Having today raised $25 million in a Series C round led by AI Ventures with participation from AXA Venture Partners, Eldridge and Moderne Ventures (bringing Qloo’s total raised to $60 million), Qloo is setting its sights on expansion. In addition to building a self-service research tool aimed at marketers and medium- and small-business customers, the startup is introducing what it calls a “multi-person recommendation AI,” which can match the profiles of any two people in Qloo’s database based on their preferences. Elias sees it being used in dating apps.
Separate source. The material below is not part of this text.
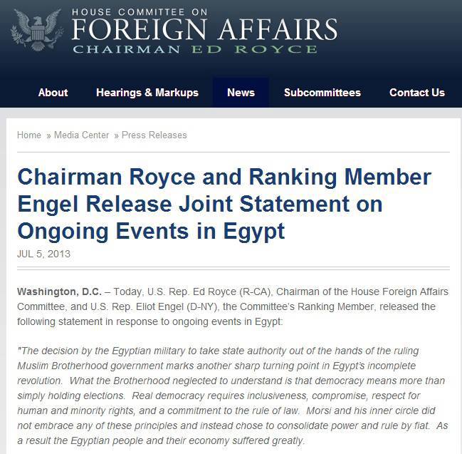 أصدرت لجنة العلاقات الخارجية بمجلس النواب الأمريكى، بيانا عن الأحداث المستمرة فى مصر، وقال النائب إدرويس، رئيس اللجنة، والنائب إليوت إنجيل، عضو اللجنة، فى بينان امس -الجمعة-: "إن قرار الجيش المصرى بإبعاد الإخوان المسلمين عن السلطة، يمثل نقطة تحول حادة فى ثورة مصر غير المكتلة، وما فشل الإخوان المسلمين في فهمه هو أن الديمقراطية لا تعنى مجرد إجراء الانتخابات، فالديمقراطية الحقيقية تتطلب الشمول والتسوية واخترتم حقوق الإنسان والأقليات، والالتزام بسيادة القانون، ولم يتبنى مرسى أو دائرته المقربة أيا من هذه المبادئ واختاروا بدلا من ذلك تعزيز السلطة والحكم بالأمر، ونتيجة لذلك عانى شعب مصر واقتصادها بشكل كبير".

“The tailwinds from privacy and AI have greatly overpowered the headwinds from any tech slowdown,” Elias said. “Qloo has seen widespread contract expansion from the existing customer roll, looking to consume new data domains and areas of taste knowledge as well as address new use cases like generative itinerary planning and dynamic personalization using Qloo’s AI. Qloo is also seeing demand from new addressable markets, such as real estate, as well as accelerated sales cycles across the board despite increased compliance requirements.”
With the new capital, Qloo plans to expand its 50-person team to over 100 people by the end of the year and “pursue opportunistic M&A.” In 2019, Qloo acquired TasteDive, an entertainment recommendation engine, and Elias implied that future acquisitions would be along similar strategic lines.